Нередко частные коллекции предметов искусства окутаны тайной. Собиратели ценностей не афишируют своих имен и каталогов своих богатств. Челябинец Олег Малахов, хорошо известный в кругах российских коллекционеров, перестал быть анонимом. В родном городе он создал музей частной коллекции. В эти дни в Областном музее искусств продолжает работать выставка японской гравюры, которую также собрал этот человек. Почему он вышел из тени, чем отличается коллекционер от антиквара, страшны ли мировые кризисы рынку по продаже предметов искусства? Об этом и многом другом мы говорили с Олегом Малаховым.
– Когда читаешь информацию об аукционах Sotheby’s, Christie’s и других, складывается впечатление, что никакого мирового финансового кризиса нет, что это миф.

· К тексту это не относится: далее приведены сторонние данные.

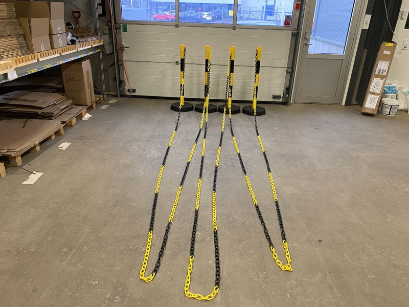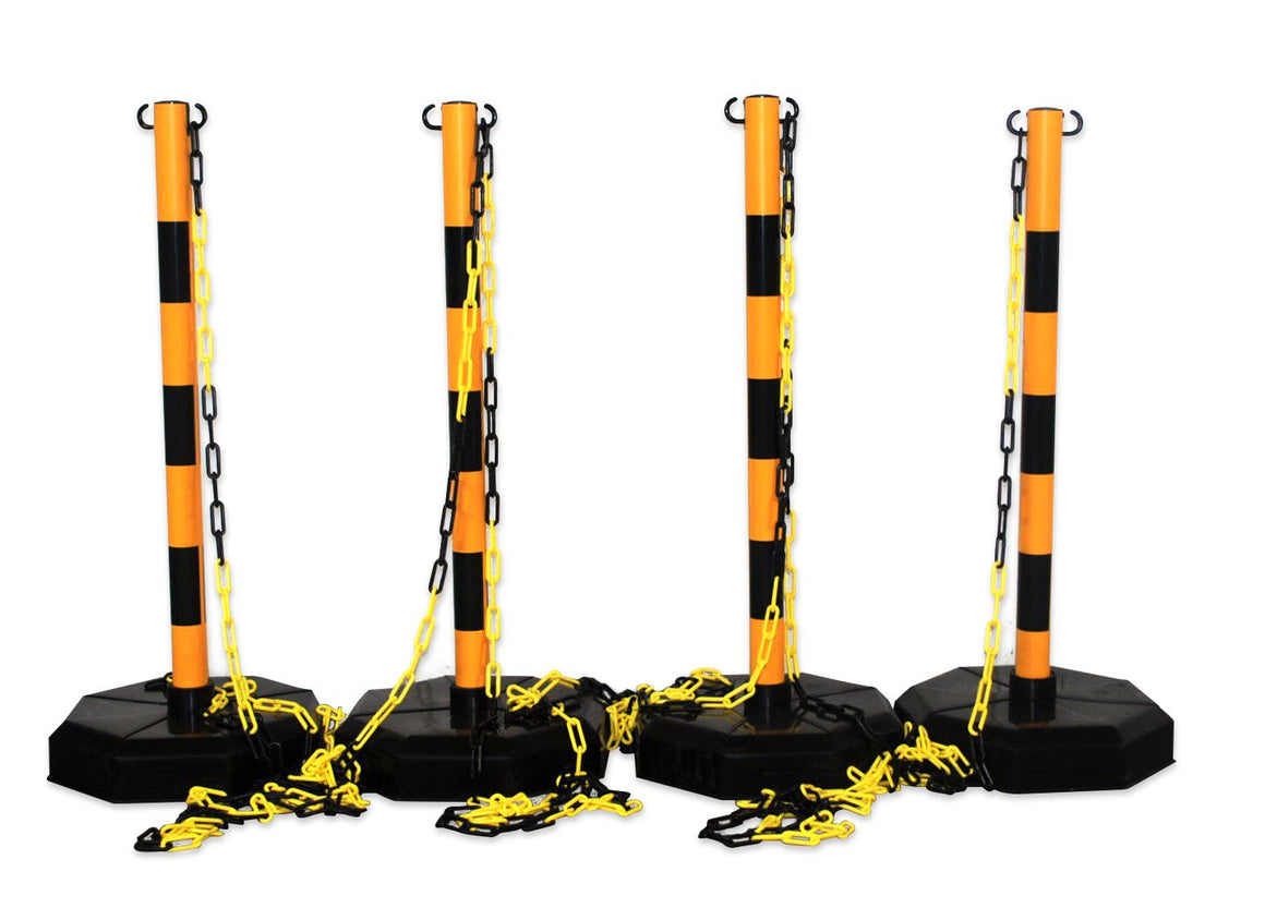 Avspärrningspaket -Robust-, 4st Plaststolpar inkl. 25m kedja (Gul/Svart)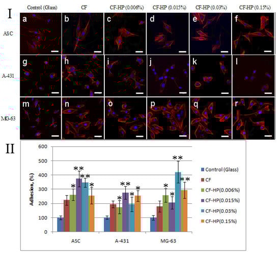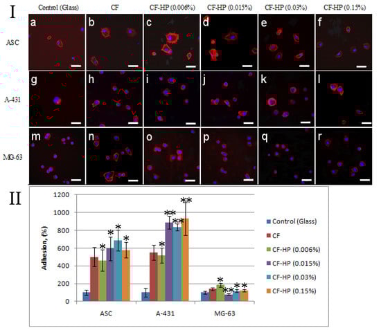 (I) Fluorescence micrographs of cells with actins (red) and nuclei (blue) stained after 1 h cultivation: (a) ASCs on the pure glass, (b) ASCs on the pristine CF, (c) ASCs on CF after HP treatment with concentration 0.006%, (d) ASCs on CF after HP treatment with concentration 0.015%, (e) ASCs on CF after HP treatment with concentration 0.03%, (f) ASCs on CF after HP treatment with concentration 0.15%, (g) A-431 on the pure glass, (h) A-431 on the pristine CF, (i) A-431 on CF after HP treatment with concentration 0.006%, (j) A-431 on CF after HP treatment with concentration 0.015%, (k) A-431 on CF after HP treatment with concentration 0.03%, (l) A-431 on CF after HP treatment with concentration 0.15%, (m) MG-63 on the pure glass, (n) MG-63 on the pristine CF, (o) MG-63 on CF after HP treatment with concentration 0.006%, (p) MG-63 on CF after HP treatment with concentration 0.015%, (q) MG-63 on CF after HP treatment with concentration 0.03%, (r) MG-63 on CF after HP treatment with concentration 0.15%. (II) Statistics of cell adhesion on surfaces with different functional groups after 1 h cultivation. (n = 5: *—p < 0.01, **—p < 0.05 compared with the unmodified CF.) Staining—rhodamine-phalloidin (red), 40,6-diamidino-2-phenylindole (DAPI) (blue). Scale bar 50 µm.
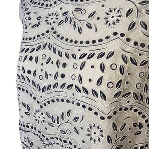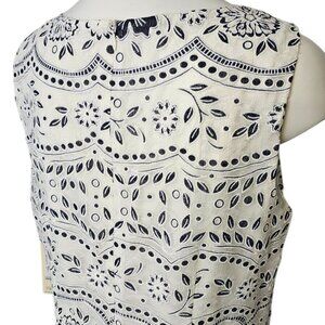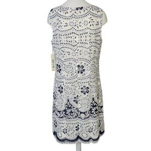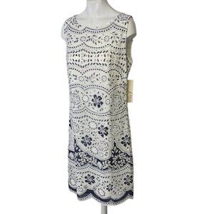 This dress features a sleeveless design with an intricate eyelet pattern, combining floral and geometric motifs for a stylish look. The scalloped hemline adds a touch of elegance, while the lightweight fabric ensures comfort. With a classic white and navy color palette, this piece is perfect for warm-weather outings or casual occasions, blending timeless style with modern details.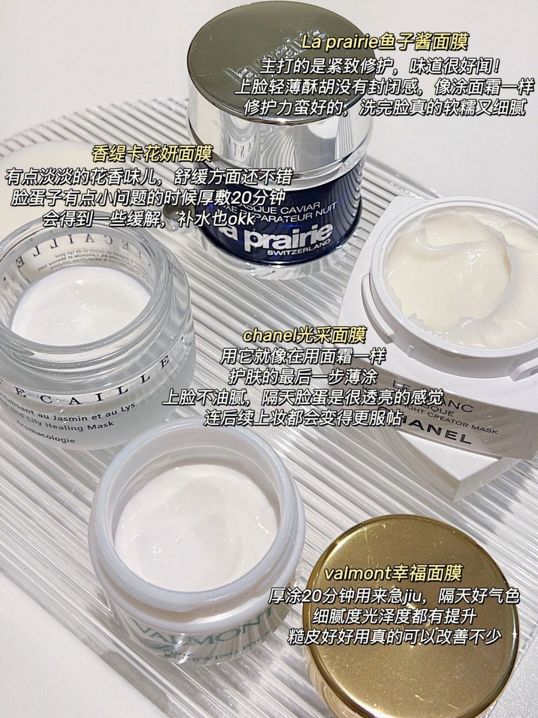 参考皮肤:夏天混合皮/冬天混干皮/T区爱出油/也会冒闭口/偶尔长do子 我日常是很爱用涂抹面膜的 给我感觉其实比贴片方便,可以不用一直躺着!涂抹完之后可以做别的事情,省时间! 手里的这些都是日常常用的!很多都空罐了 简单来share一下我的一些使用心得! valmont幸福面膜 chanel光采面膜 香缇卡花妍面膜 La prairie鱼子酱面膜 evelom急救面膜 伊菲丹超...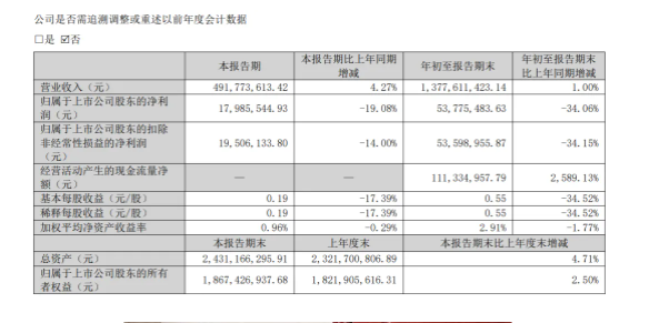 前三季度累计归母净利润为5377.55万元,同比大幅下滑34.06%;扣非后归母净利润为5359.9万元,同比下降34.15%。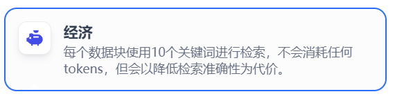 在经济模式下,每个区块内使用 10 个关键词进行检索,降低了准确度但无需产生费用。对于检索到的区块,仅提供倒排索引方式选择最相关的区块。
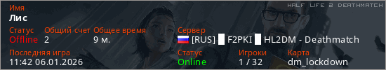 Играет на Half Life 2 DeathMatch сервере. Страна: РоссияПервый раз замечен 11:36 06.01.2026

– Какой кризис? В Париже огромный аукционный дом Drouot – это несколько зданий, в одном из них – 14 залов, и каждый день здесь проходят аукционы. Все покупается, оборот сумасшедший. Если сложить торговлю оружием, наркотиками, еще что-то добавить – так торговля искусством в сумме превысит все это. Огромный бизнес. Вот у меня журнал, который я привез из Парижа. Смотрите, недавно с аукциона была продана коллекция Ива Сен-Лорана. Оценили ее в 200 миллионов евро, продали за 360.
– Значит, это правда, что искусство – самые надежные активы для вложения денег?
– Искусство никогда не потеряет цену, если человек образован и понимает, во что он вкладывает деньги. Однако цена – понятие условное. К примеру, кожаное кресло, в котором любил сидеть Ив Сен-Лоран, было продано за 21 миллион 905 тысяч евро. А вот торс античный – всего за 1 миллион 297 тысяч евро, хотя это явно неравнозначные вещи. Но создали ажиотаж, атмосферу, надули пузырь... и люди купили. Как говорят продавцы, «написать картину – ремесло, а продать – вот это искусство». Среди всех продаж торговля антиквариатом, картинами – это высший пилотаж. Что такое металлом торговать или нефтью, или нитками – это такая пошлятина. А купить индивидуальную вещь и потом продать ее в три раза дороже, то есть убедить, что она столько стоит, – это, действительно, искусство. По сути ведь продается яблочная кожура по цене золота. Поэтому среди антикваров очень много неординарных людей, можно даже сказать, выдающихся, которые обладают глубокими знаниями в различных отраслях, особым шармом или, как вы говорите, харизмой.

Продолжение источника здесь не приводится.